◆ EXERCISE DETAILS
Would you retype exactly the lines below, starting with the one that has "注意事项:样品开发费为500" and going on through the one that has "काठमाडौँ, पुस १०", with no pictures and nothing else?

◆ PROVIDED RECORDS
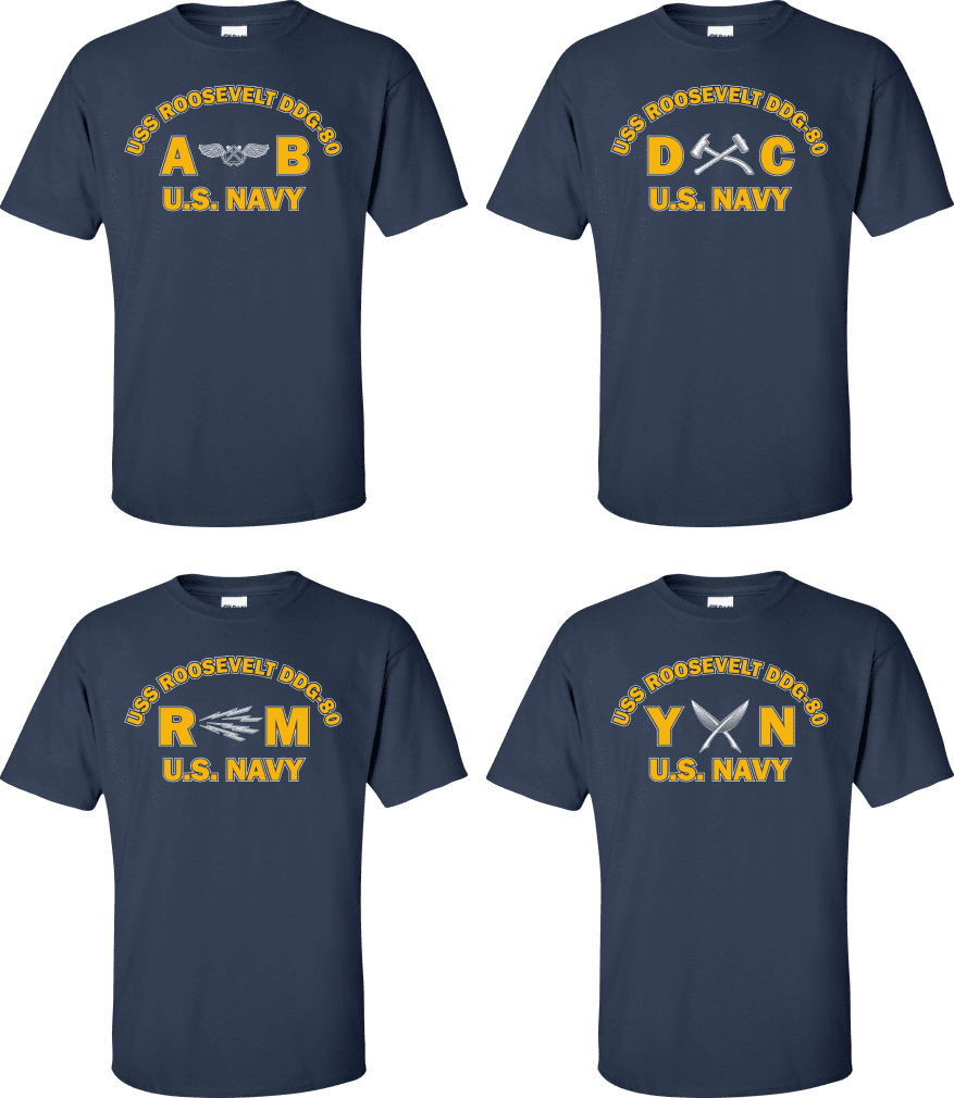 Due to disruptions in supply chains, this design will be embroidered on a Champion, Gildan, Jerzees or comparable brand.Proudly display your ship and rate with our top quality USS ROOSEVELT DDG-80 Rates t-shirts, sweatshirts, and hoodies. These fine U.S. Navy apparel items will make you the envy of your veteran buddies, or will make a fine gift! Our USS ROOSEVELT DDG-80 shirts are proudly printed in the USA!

--

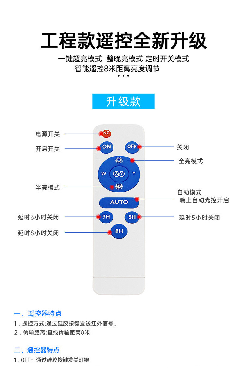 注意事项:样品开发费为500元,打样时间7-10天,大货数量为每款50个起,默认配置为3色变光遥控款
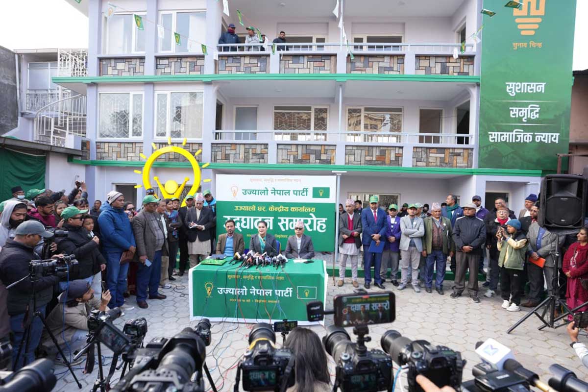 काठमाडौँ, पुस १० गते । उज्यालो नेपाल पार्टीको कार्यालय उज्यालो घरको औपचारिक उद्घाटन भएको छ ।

◆ ANSWER BELOW
 注意事项:样品开发费为500元,打样时间7-10天,大货数量为每款50个起,默认配置为3色变光遥控款
 काठमाडौँ, पुस १० गते । उज्यालो नेपाल पार्टीको कार्यालय उज्यालो घरको औपचारिक उद्घाटन भएको छ ।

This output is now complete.